Anita Alvarez, a prosecutor in the State’s Attorney’s office, spoke of her humble beginnings. She was born and raised in the Pilsen community, she told the audience. Alvarez’s father was a waiter and her mother a seamstress. As a youth, her mother encouraged Alvarez to “marry a lawyer.”

Instead, she went into law herself, landing a job with the Cook County State’s Attorney’s Office as chief deputy in 1986, a position she currently holds.

Alvarez was one of the prosecutors in the 1997 “Girl X” case, involving a man who viciously beat, strangled, sexually-assaulted and poisoned a nine-year-old South Side girl. Her efforts led to the conviction of Patrick Sykes in 2001.

Alvarez’s platform includes harsher penalties for police found guilty of misconduct.

“I have prosecuted cases involving rogue police officers misusing their power and I know how serious the problem with corruption in law enforcement is,” she said. “I have the experience, qualifications and passion to effect the system of law in this county.”

Cook County Commissioner Tony Peraica is unopposed in the Republican primary next Tuesday.

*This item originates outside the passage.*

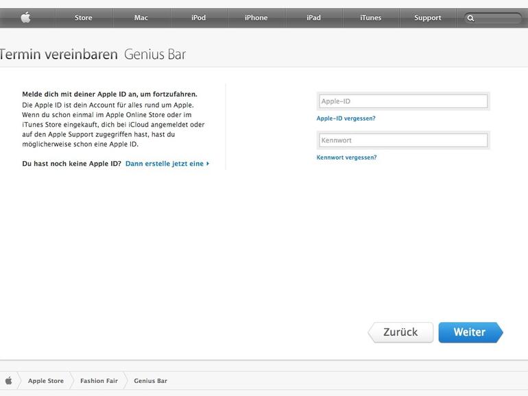 Die Terminbuchung kann unter http://concierge.apple.com/reservation/de/de/techsupport/ erfolgen, ab sofort aber nur noch mit einer Apple ID. Hat man noch keine, kann man sich direkt eine anlegen, erste dann geht es weiter im Buchungsprozess.

“Continuing a campaign of reform,” was the key message Peraica looked to convey to voters.

Political corruption at the state level is his main concern, but he also promised to protect seniors and the disabled from scams. Peraica wants to prosecute companies responsible for scams and make restitution available to families.

“Our county government has become a hotbed of seedy dealings and questionable activities. So much so that people have begun to refer to it as ‘Crook County,'” he said. “I want to audit the books and lock up the crooks. I opposed [Board President] Stroger’s recent budget, which protected the county’s patronage armies at the expense of needed health care providers and facilities.”

Peraica added, “I want to have my own special committee assigned to audit the workers of Cook County to find out what they are spending your tax dollars on.”

Larry Suffredin, who’s also a Cook County commissioner, has practiced law for over 32 years.

Suffredin’s goals if elected State’s Attorney is to ensure fair treatment in sentencing for blacks and cut down on gun violence at schools.

“There is definitely something wrong with a system that would have African-Americans serve a five-percent longer sentence than whites for the same crime,” he said.

Suffredin added that the younger generation have to face issues that his generation never had to, namely the concern over whether they will live out the school year. Logan, a candidate for 78th district state representative, took a swipe at Graham, saying that issues such as police brutality and gentrification, “have been discussed and debated for over 40 years and still have not changed.”

She also called House Bill 4050, which Graham supported, “discriminatory against blacks.”

Graham, however, asserted that the bill was a “pilot program,” meant to protect minority communities from predatory lenders.